Eines Tages wird die hochintelligente Professorin Ida, mit der Renzi eine geheime Affaire beginnt, das Opfer eines Mordes. Das FBI ermittelt und zunächst wird der Fall zu den Akten gelegt, weil er wie ein Unfall aussieht. War es wirklich ein Unfall? Das FBI vermutet, dass sie durchaus auch eine Komplizin des Briefbombers gewesen sein könnte. Und hier kommt eigentlich der Titel ins Spiel (sic!), denn "Ida" bedeutet "Weg ohne Wiederkehr".
Piglia lässt Renzi zunächst in den Keller der Paranoia hinunter, denn freilich ist er zunächst einmal verdächtig und lernt die Gemeinsamkeiten der Argentinischen Junta und der Amerikanischen Ermittler kennen.

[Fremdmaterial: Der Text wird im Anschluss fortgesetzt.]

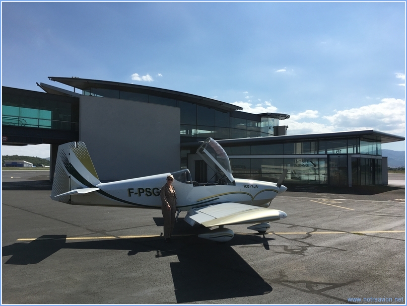Puis c'est déjà le moment du retour, nous retrouvons le F-PSGA sagement garé à une place d'avion de ligne au contact de l'aérogare. Nous sommes passés par le terminal affaire pour le handling (une cinquantaine d'euros pour le total des taxes, dont la moitié pour la navette pas question de  traverser le parking à pied).

Viele der herausragenden Lateinamerikanischen Bücher bieten diesen doppelten Boden einer ungewissen Realität. Damit spiele ich auf den Magischen Realismus an, der ohnehin eine Erfindung westlichen Marketings war. Tatsächlich aber ist das Kafkaeske allgegenwärtig. Hier in Form des Dekans D'Amato, dem ausgesprochenen Melville-Kenner, der sich einen lebenden Weißen Hai im Keller hält. Oder die Vorstellung, dass Finnegans Wake gerne von Philosophen und Mathematikern gelesen wird. Mathematiker seien affektierte, gelangweilte Menschen, deren Kreativität meist vor dem fünfundzwanzigsten Lebensjahr versiegt. Die meiste Zeit vertreiben sie sich mit der Lektüre von Joyce.
Der Unabomber
Es ist etwas Merkwürdig, dass die teuerste und aufwendigste Verbrecherjagd in der Geschichte der USA heute etwas in Vergessenheit geraten ist. Gemeint ist der Fall Ted Kaczynski, einem der genialsten Mathematiker seiner Zeit. Verwiesen sei hier auf die Dokumentation von Lutz Dammbeck.

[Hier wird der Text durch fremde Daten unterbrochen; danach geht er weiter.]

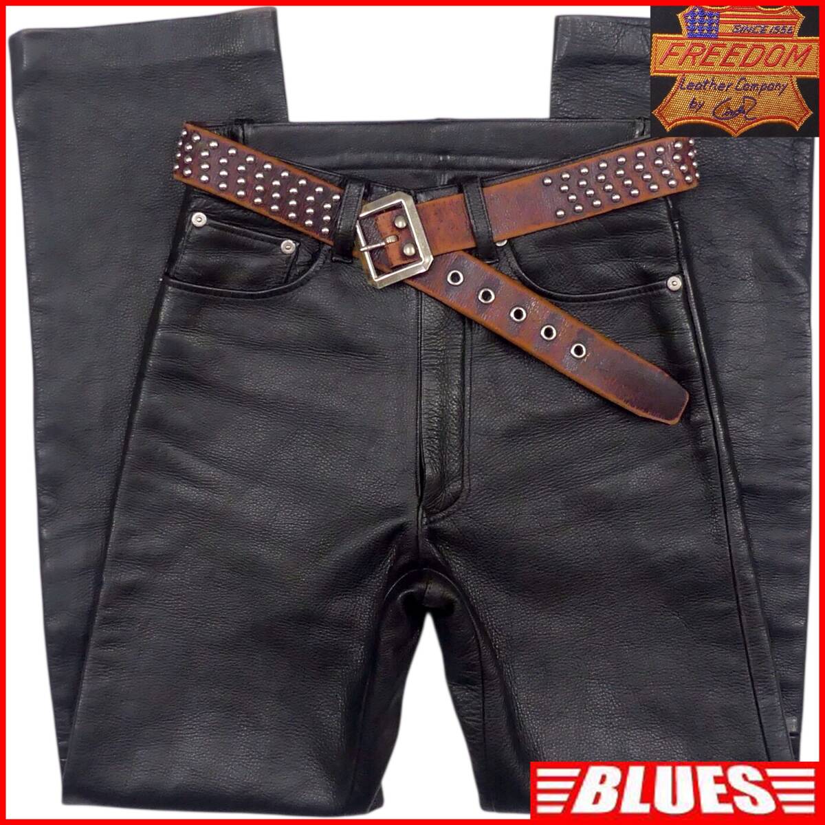 > 即決★FREEDOM★レザーパンツ W28 フリーダム メンズ 70 黒 ブラック 本革 ライダースパンツ 本皮 パンクロック ライディング ツーリング

Das Besondere an Piglias Buch (bei ihm heißt der Bomber "Munk") ist jedoch nicht das Umweben dieser Geschichte, sondern die explosive Sprengkraft der Literatur, die wohl nur deshalb unterschätzt wird, weil sie die meisten Menschen entweder als Mainstream-Unterhaltung oder als intellektuelles Konstrukt vergangener Tage interpretieren, wohl gerade, weil kaum mehr ersichtlich ist, dass Sprache das einzige ist, was uns wirklich von Tieren unterscheidet. Im Guten wie im Schlechten, der Mensch und seine Umwelt ist nur das Konstrukt seiner Sprache; wo seine Sprache endet, endet sein Horizont.